3.3 Sample Selection

The targeted population in this paper is that of Cameroon and Nigerians working in the United Kingdom. Judging by their population according to the office of National Statistics, a profound sampling method will be developed to enhance smooth collection and representation of ideas. The sample space involves the work industry in Great Britain and some facts about how different players in this sphere are interrelating among them. The sample space includes all sectors in the job industry ranging from formal to non-formal employment. A good representative of the sample must be chosen randomly ensuring that all needs of investigation have been satisfied and unbiased (Browne 2009). Determining the best size of the sample is vital in every study. The size will determine the degree of generalizability of the results. It is advisable to involve a large sample, which will be cost-effective and convenient to handle. Randomizing the selection of subjects in the study offers all possible subjects an equal opportunity to participate in the research. This reduces the chance of biases that may arise from the researcher. According to Compton and Weiner's study (2008), bias is a significant factor that affects the validity of the research. Hence, it should be controlled at all costs. In avoiding the influence of external factors, the researcher will select the sample with almost similar characteristics. According to Compton and Weiner (2008), the sample is considered random, if the researcher has not influenced the selection of subjects basing on his own personal opinions or preferences other than those qualifying a client for the study. As a result, all the members of the researched population will be subjected to an equal opportunity of responding to research instruments provided by the researcher. The use of the sampling technique minimizes some difficulties that may be encountered while dealing with the whole group of international workers.

The most appropriate sampling method for this research identified by the researcher is the proportional stratified random sampling method in the selection of respondents. The benefits of using this method include the ability to categorize different groups as well as combining the harmonized data into one. In addition to these benefits, the stratified random sampling is simple to institute and yet covers a wide range of the population in the study area. The sampling technique is also appropriate for this due to the wide-scale of stakeholders who will be involved in the research.

An adequate sample of the study population will facilitate the achievements of objectives of the research since it will reduce the sampling error. This will enhance the establishment of relationships between the international workers from Africa and the native workers of the United Kingdom. The larger size of the sample is that the smaller the sampling error is, so consequently, the better it will be in the representation of the whole population. The proportional stratified random sampling method enables the researcher to select the sample size proportionally to the number of individuals in each stratum. Therefore, strata will be determined, and then the number of possible participants for the study proposed. Then a formula will be devised to ensure that the selection of respondents is proportional to each strata subject. This will ensure that the result received will not be short of misrepresentation of opinions or the monopoly of one or few strata ignoring the others. These groups will be obtained from various workstations in a broader society of international workers to ensure a well-done representation of all international workers.

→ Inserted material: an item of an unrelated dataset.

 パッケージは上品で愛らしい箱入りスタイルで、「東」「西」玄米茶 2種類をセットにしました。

According to Fisher and Roget (2011), the process of sample selection forms a fundamental part of any quantitative or qualitative research study. In selecting the sample, the researcher should ensure that all the avenues of research objectives have been targeted, and those selected will not be motivated by a personal interest while participating in the study. The respondents are expected to give the crucial and required information of the study. Some considerations of the sample analysis will be made based on gender, age, qualification, and numbers of years spent in the UK. The testing of five culture dimensions is used for this study by making use of the limited trial group to avoid some diversity factors under the evaluation, which can affect the reliability of results due to uncontrolled threats on the validity.

3.4 Unit of Analysis

The units of analysis in any research study are composed of the entity to which the phenomena or variables under examination and the problem of research refer. In this paper, the unit of analysis involves an evaluation of variables under study. This research seeks to analyze the situation of international workers and specifically the African employees in the United Kingdom. Therefore, the core variables of research will be inclined to the factors touching African workers in Great Britain as well as employers in various sectors of the country analyzed.

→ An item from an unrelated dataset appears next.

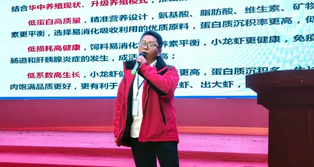 活动现场,湖南粤海配方师李昭林围绕湖南小龙虾养殖实际需求,开展技术培训与产品介绍,针对性破解当地“长不大、赶不上、卖不贵” 的发展困境。他重点介绍了粤海饲料集团推出的“粤海甄虾粮”,甄虾粮基于集团“三高三低”先进技术理念,即 “低蛋白高质量、低损耗高健康、低系数高生长”,精准匹配小龙虾的营养需求。产品选用高消化率原料,包括进口鱼粉和多种动植物蛋白,保障营养均衡与高效吸收,有效提升小龙虾的生长速度与免疫力。

3.5 Data Collection Technique

The data collection technique refers to the approaches of the researched employees to the obtained data from respondents or the sources of information. Data collection techniques are also referred to as research instruments and form a crucial part of the research methodology (Hoffman 2011). The method adopted depends on the kind of data to be collected, the type of research, cost factors, the researcher’s preference, and the size of the targeted population. The researcher will employ both the primary and secondary data collection methods. For gathering the primary sources, interviews, a focused group discussion and questionnaires will be adopted to facilitate this process. These approaches are considered essential since the researcher can acquire first-hand information for the process of meeting research objectives. The primary data collected will enhance the evaluation of respondents’ opinions on the relationship between international workers and native residents.

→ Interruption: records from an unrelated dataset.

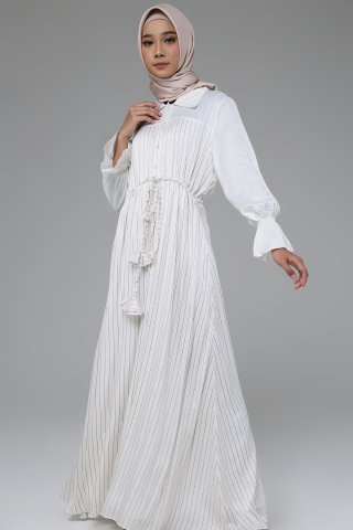 Hediye Dress merupakan produk gamis keren dari KNW by Kurnia Sari. Gamis ini terbuat dari bahan Velvet x Premium Silk Zara. Long dress ini memiliki sentuhan motif garis yang cantik dengan broken white. Padankan dengan jilbab berawarna cerah untuk penampilan yang lebih cerah. Ada aksen kerut di bagian pinggang sehingga berkesan unik dan kancing di bagian depan untuk mempermudah pemakaian. Kamu bisa membelinya seharga Rp 426.550 di Hijup.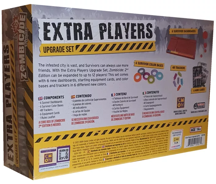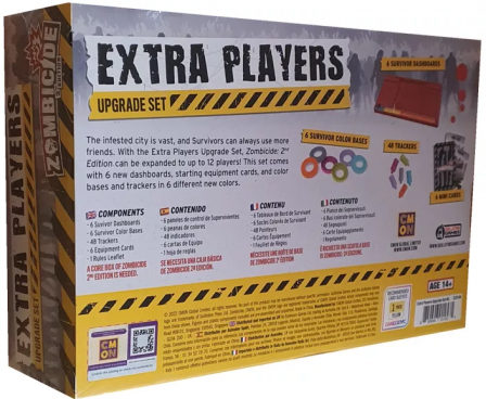 7–12 Players 60–120 Min Playing Time Age: 14+ With this set, Zombicide 2nd Edition can be expanded to accommodate up to 12 players. This set comes with 6 new dashboards, staring equipment cards, colors and bases in 6 different new colors, and rules for adding additional players.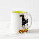 The Doberman is sleek, powerful and alert in this design with breed name. Black Dobe on one side and red Dobe on the other.

The secondary data will be gathered through intensive as from the documented information regarding a cross-cultural relationship of African workers in the UK. In this regard, the applicable sources will be utilized for developing and presenting findings and arguments of the previously related studies. This information and data will be obtained from various companies’ reports and government agencies as well as from the private sector in job areas. These databases will be essential for providing the information and data in the employment market. The secondary data will involve the collection of historical data about the employment conditions in Great Britain over a certain period of time. The secondary data can be accessed from various journals, magazines, and websites, which contain information and data about employment conditions. The secondary data form a significant foundation for evaluating the primary information collected from respondents. Combining the two data sources will bridge a gap between the past and the present. The researcher will be able to draw some coherent and feasible recommendations. Moreover, the biases that may be influenced by the events happening during the time of the study, such as political influences, will be diluted through the comparison of the past and present data obtained.

3.5.1 Questionnaires

Questionnaires will contain some structured questions, which will be accurately and carefully selected for the objectives of the study. Structured questions are essential in ensuring the prevention of ambiguous answers and unclear responses (Grab &Charbonnier 2009). The researcher will draft the questionnaires focused on the target group. The researcher will design the questions focused on achieving the objectives of the study. A key advantage of using questionnaires is the data collection enabling the researcher to compare and relate the data collected from different respondents. Also, questionnaires take less time compared to individual interviews due to the possibility of diverting from the main subject. The researcher needs to design few questions and forward them to respondents to fill. The researcher does not necessarily have to be in contact with respondents at the time while they are answering questions. Questionnaires are also suitable to be used in situations where large samples are required; thus, diluting the sampling error. The fact that the person conducting the study does not necessarily have to comminute to the study site reduces the cost of research as compared to the study group, observation, or one interview.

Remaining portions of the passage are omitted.